International Journal of Ayurvedic Medicine ◽

10.47552/ijam.v12i3.2081 ◽

2021 ◽

Vol 12 (3) ◽

pp. 714-717

Author(s):

Akriti Gupta ◽

Swapnil Raskar

Keyword(s):

Quality Of Life ◽

Sickle Cell ◽

Sickle Cell Anemia ◽

Globin Gene ◽

Genetic Diseases ◽

Single Amino Acid ◽

Ayurvedic Medicine ◽

Chromosome 11

Introduction:- Sickle cell anemia is a term for a group of genetic diseases characterized by the production of hemoglobin (Hb) "S". This is the result of replacing the base pair thymine at the 6th position of the β-globin gene on chromosome 11 with adenine and replacing valine with glutamic acid. A single amino acid substitution is the reason for the profound changes in the stability and solubility of the hemoglobin "S" molecule. Due to its chronic nature and painful crisis, children’s quality of life is difficult. From now on, there is no final treatment other than a successful bone marrow transplant. Its symptoms and the nature of the disease can be compared with Pandu. If a drug improves the quality of life and maintains the health of the patient, then the drug and efforts will be beneficial to society. Material and Methods:- A 9-year-old male patient was diagnosed with sickle cell anemia.

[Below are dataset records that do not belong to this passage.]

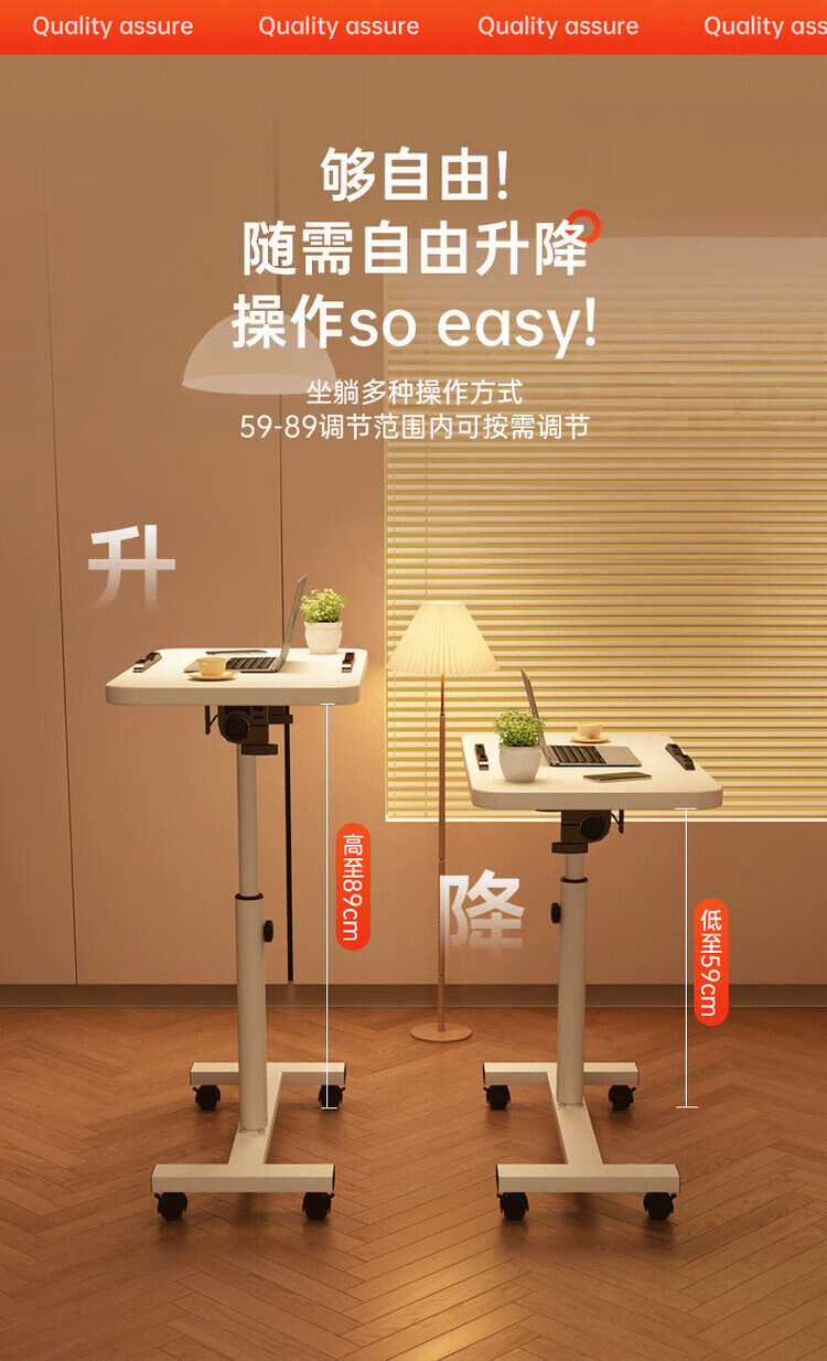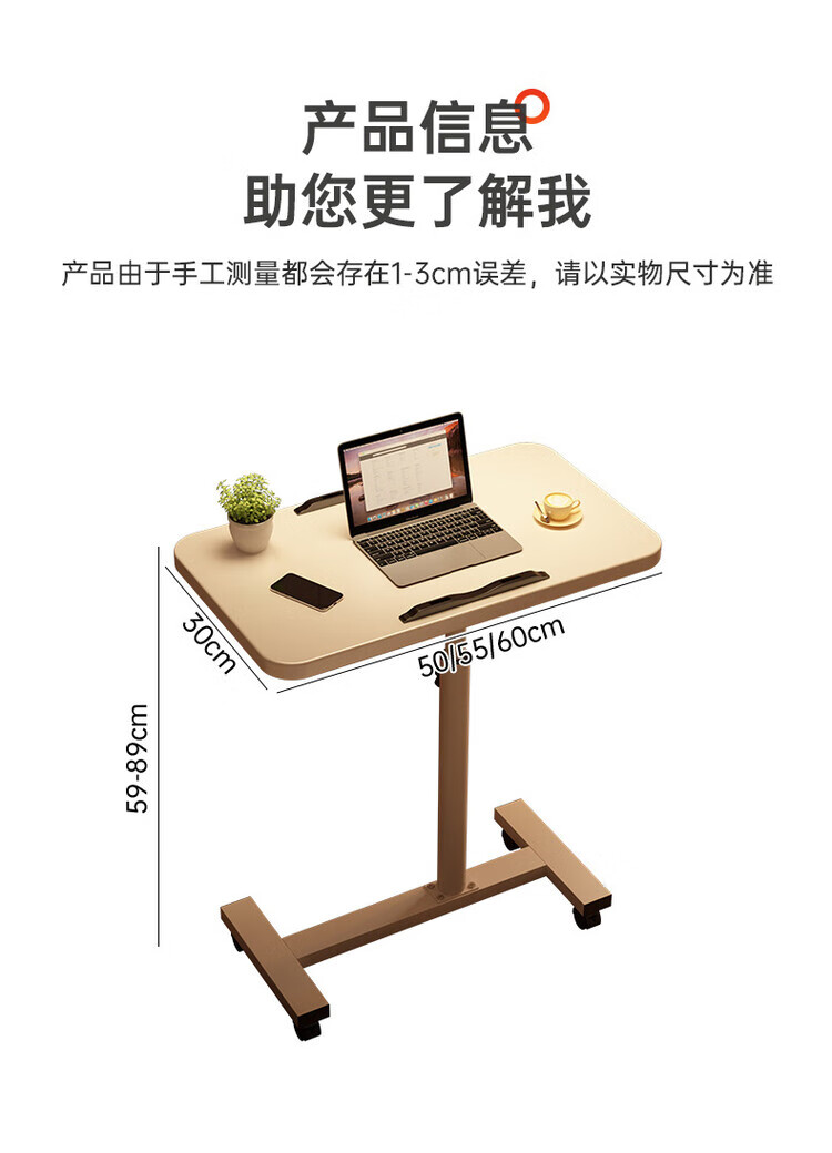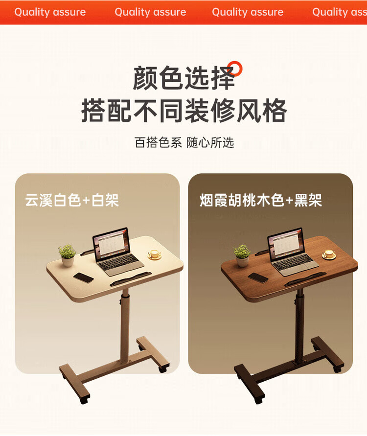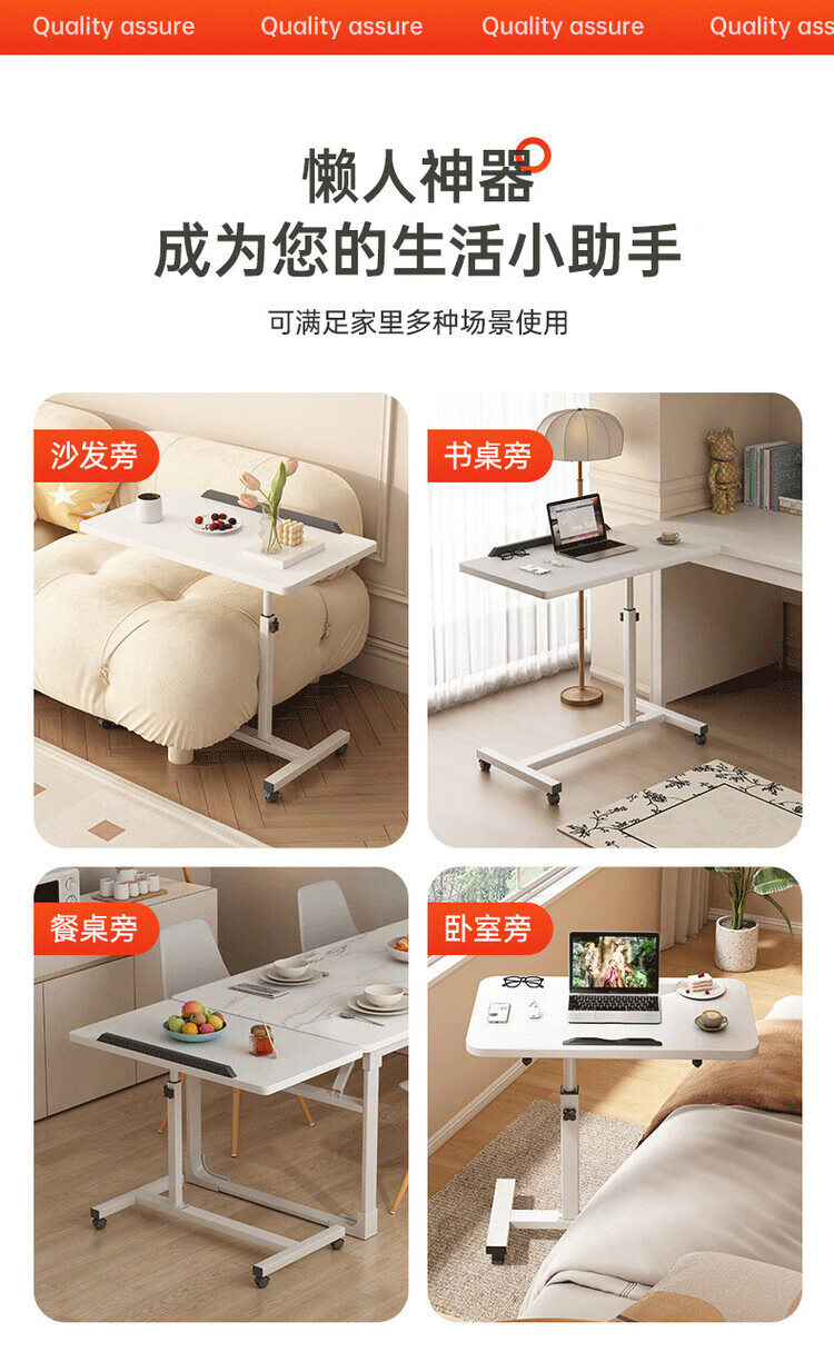 Bedside table can be lifted and flipped, narrow gap, small computer desk, bedroom dormitory lazy person simple mobile desk, simple flip model, Yunxi white 50*30cm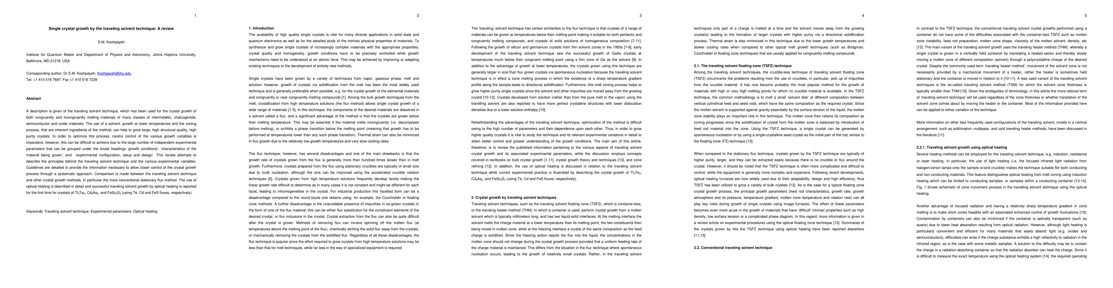 This review outlines the traveling solvent technique for growing high-quality, large crystals of various materials, emphasizing the importance of controlling numerous experimental parameters. It compares this method with the conventional stationary flux method and reports successful growth using optical heating for specific crystals.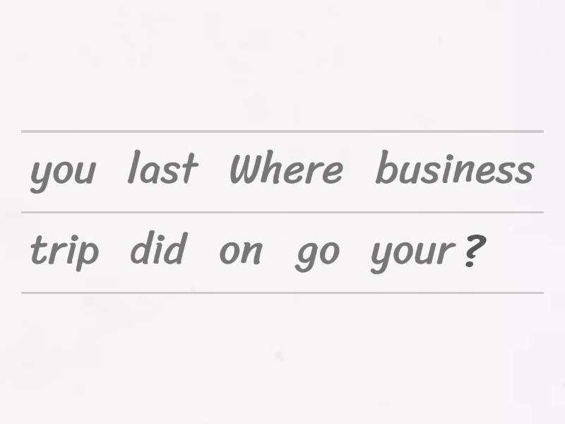 Where did you go on your last business trip?, How did you get there?, Where were you staying while you were away?, How many jobs had you done before this one?, Where were you working five years ago?, When did you start working for this company?, Where had you lived before you started working here?, Where did you learn the skills that you use in your job?,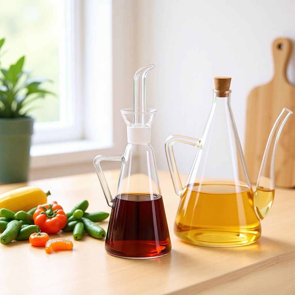 ガラス製オイルポット、家庭用キッチン調味料ボトル、酢、ごま油、調味料ボトル、酢ポット、薄口醤油、料理酒、分注ボトル、醤油ボトル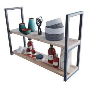 Projetado em estilo industrial, possui furações para instalação no teto (flutuante) ou na parede (prateleira), tendo suas prateleiras feitas de madeira maciça, garante maior resistência e durabilidade ao produto.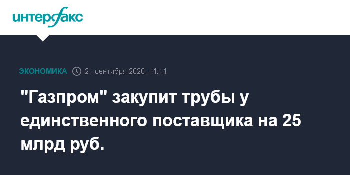Москва. 21 сентября. INTERFAX.RU - ООО "Газпром комплектация" сообщило о подготовке к заключению договора с единственным поставщиком на поставку труб большого диаметра (ТБД) на сумму 24,75 млрд рублей.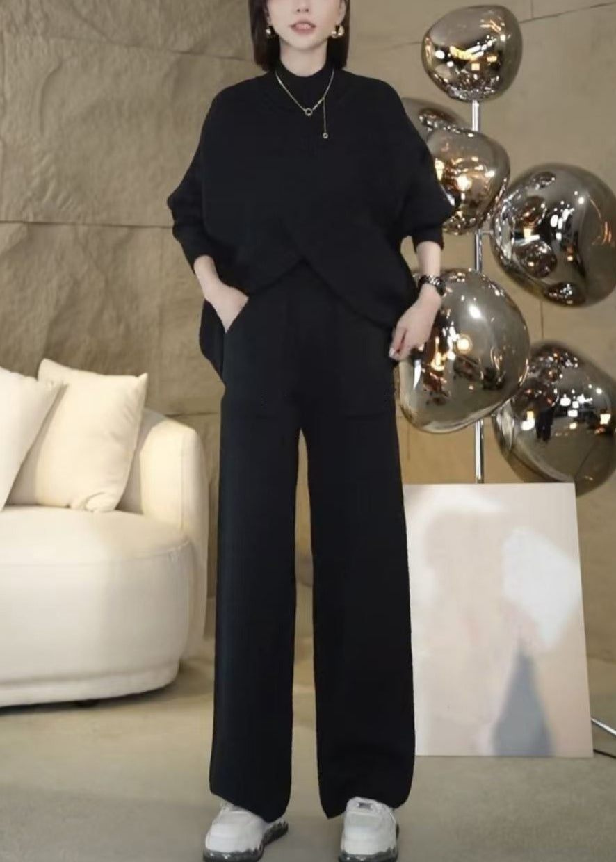 Loose Dark Gray Asymmetrical Sweaters And Pants Knit Two Piece Set Winter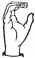 На ћирилици написано ВУКОСАВ НАУПАРАЦ састоји се из 15 слова [?]. Исписано ћириличном једноручном азбуком за глувонеме: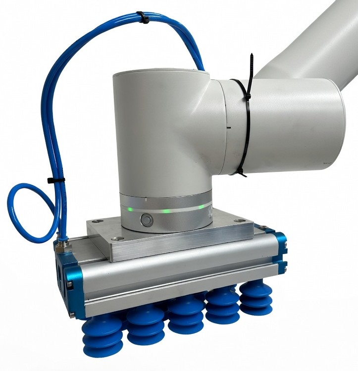 The gripper connects directly to an external compressed air supply, enabling fast integration and seamless operation within automated environments. Its lightweight and compact design ensures optimal performance without compromising the cobot’s payload capacity.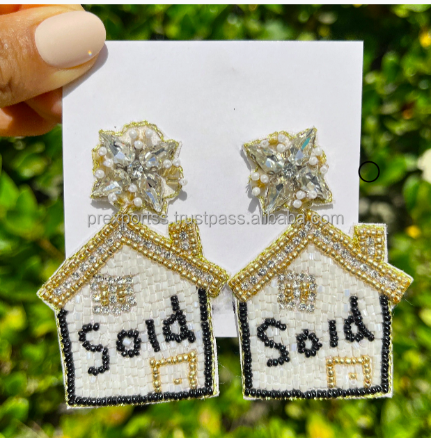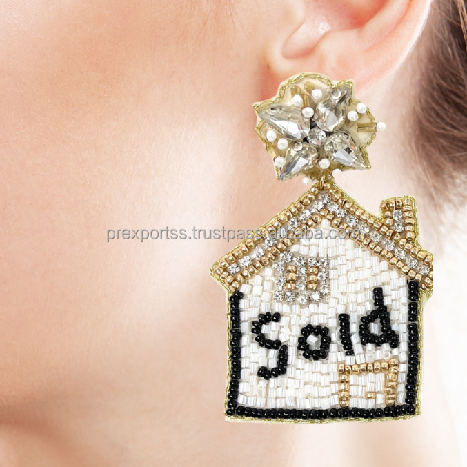 Flower Pattern Bohemian Style Drop Earrings Handmade Custom Size Seed Bead Statement Jewelry Real Estate Agents Gift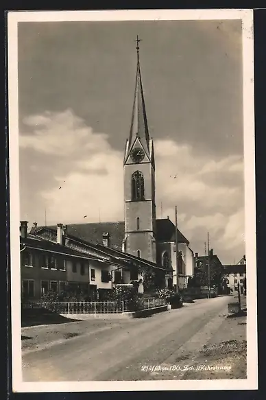 AK Pfäffikon, Kehrstrasse mit Kirche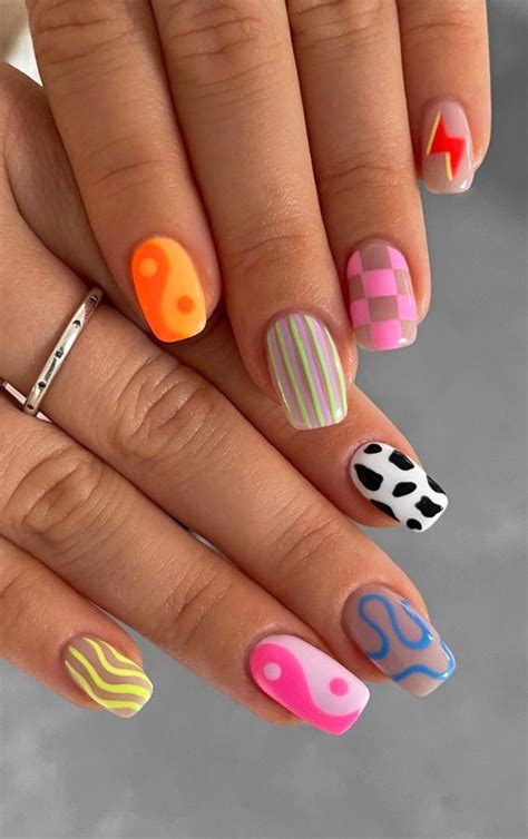 Embrace the energy of summer with neon-bright nails. These vibrant shades, like electric blue, fiery orange, and dazzling pink, are guaranteed to turn heads. Whether you choose to paint them all one color or create a multi-hued masterpiece, neon nails are the perfect way to make a statement.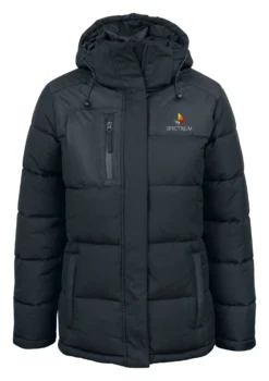 Insulated, water resistant puffer jacket engineered for extreme warmth in extreme weather. Waterproof YKK zipper on chest and front pockets. Removable and adjustable hood. It has 2 large Mesh inner pocket. Drawstring in hem and ladies drawstring in waist. Inner 2×2 rib cuff in sleeve. Has an embroidery zip.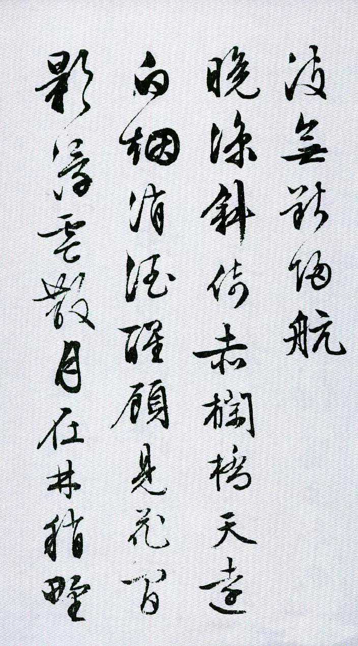 【3】波无、断归航。晚凉斜倚赤阑桥,天远白烟消。酒醒顾见花间影,浮云散、月在林稍。野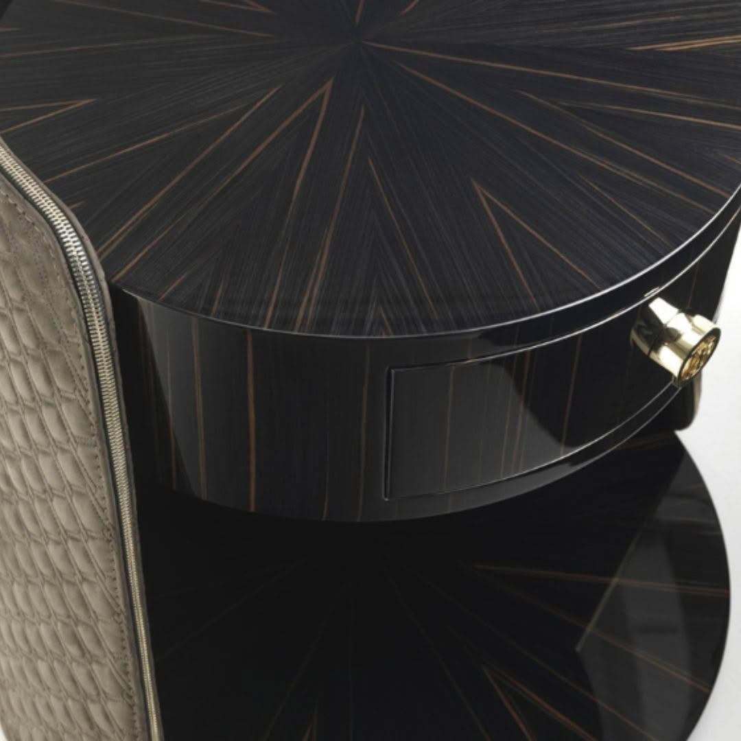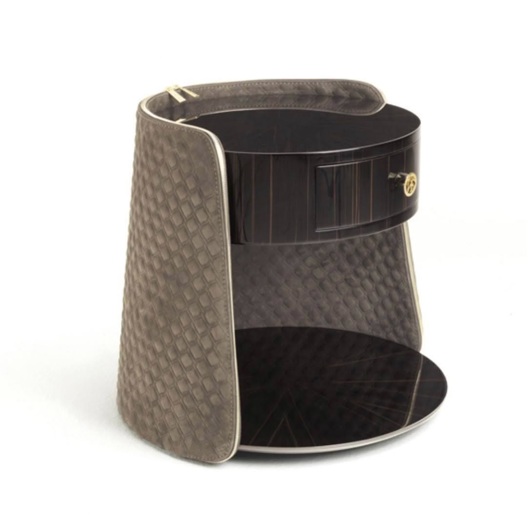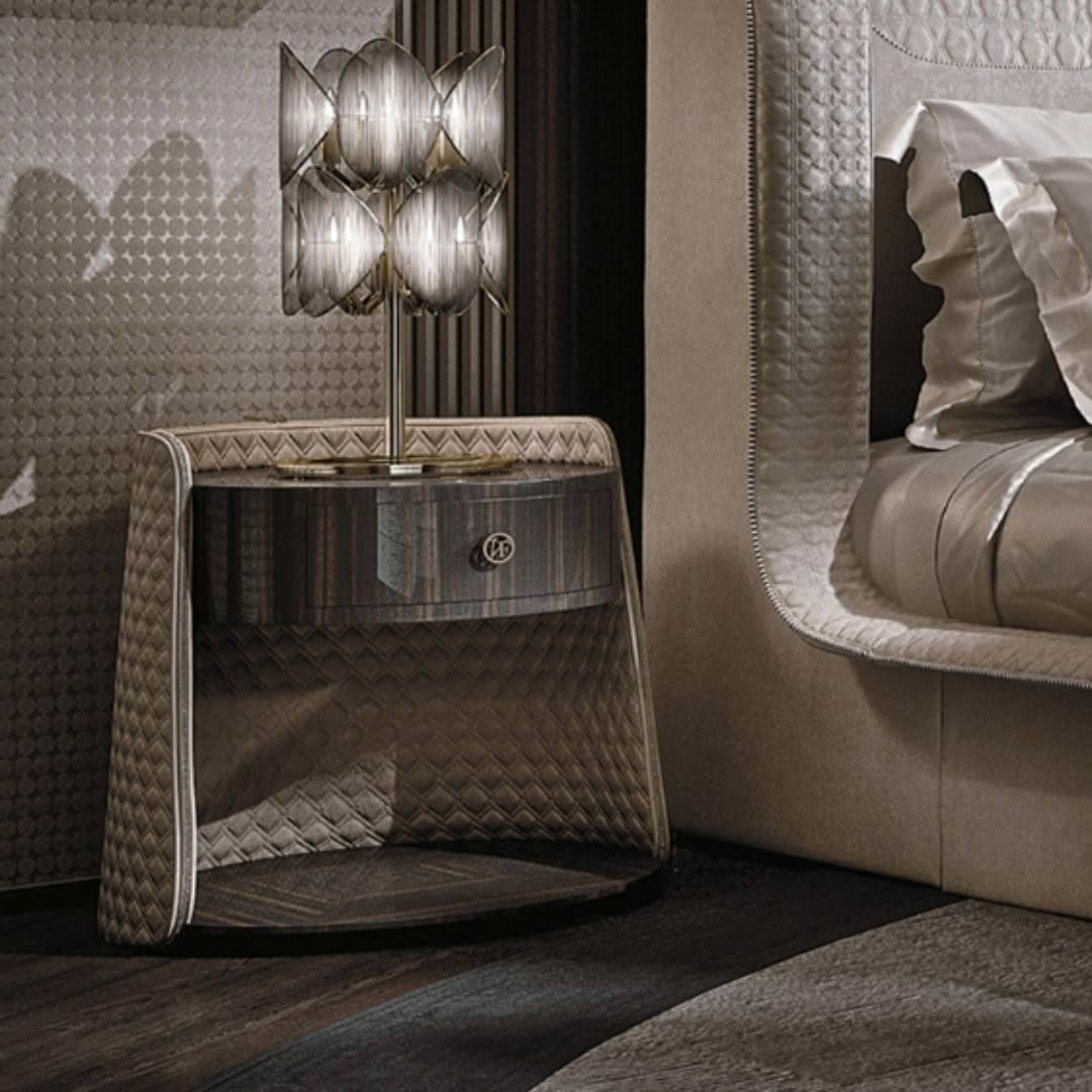 Contarini night table is a small masterpiece of craftsmanship and luxury. The external structure is available in two versions: Contarini can have the structure enriched with a fine quilting, or, at choice, a delicate embossed embroidery. The wooden drawer and the matching base complete the night table. The Vittoria Frigerio logo handle and the zip along the structure are tangible evidence of the collection’s care for detail.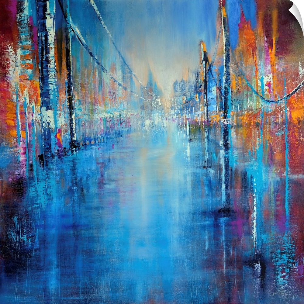 <p>Abstractly painted cityscape with a suspension bridge in bright colors and structures: a large, lively city in red, orange and blue with the silhouette of skyscrapers. Reflection in the water.</p>

Symptoms include joint and limb pain, anorexia, fatigue, loss of appetite, and weight loss. approached the OPD, department of Kaumarbhritya, Parul Institute of Ayurved, Vadodara. Observations and Results:-The patient is taking modern medicine (1 mg folic acid once a day). The Childs parents also wanted to take Ayurvedic medicine, so they came here for 2 months of Ayurvedic medicine treatment, during which he did not have a pain crisis.Weight improved From 16 kg to 18 kg.The quality of life of a patient is also improved. Conclusion:-Therefore, the purpose of this case study is to study the pathophysiology and treatment of sickle cell anemia from an Ayurvedic perspective and to study the possible mechanism of action of the drug.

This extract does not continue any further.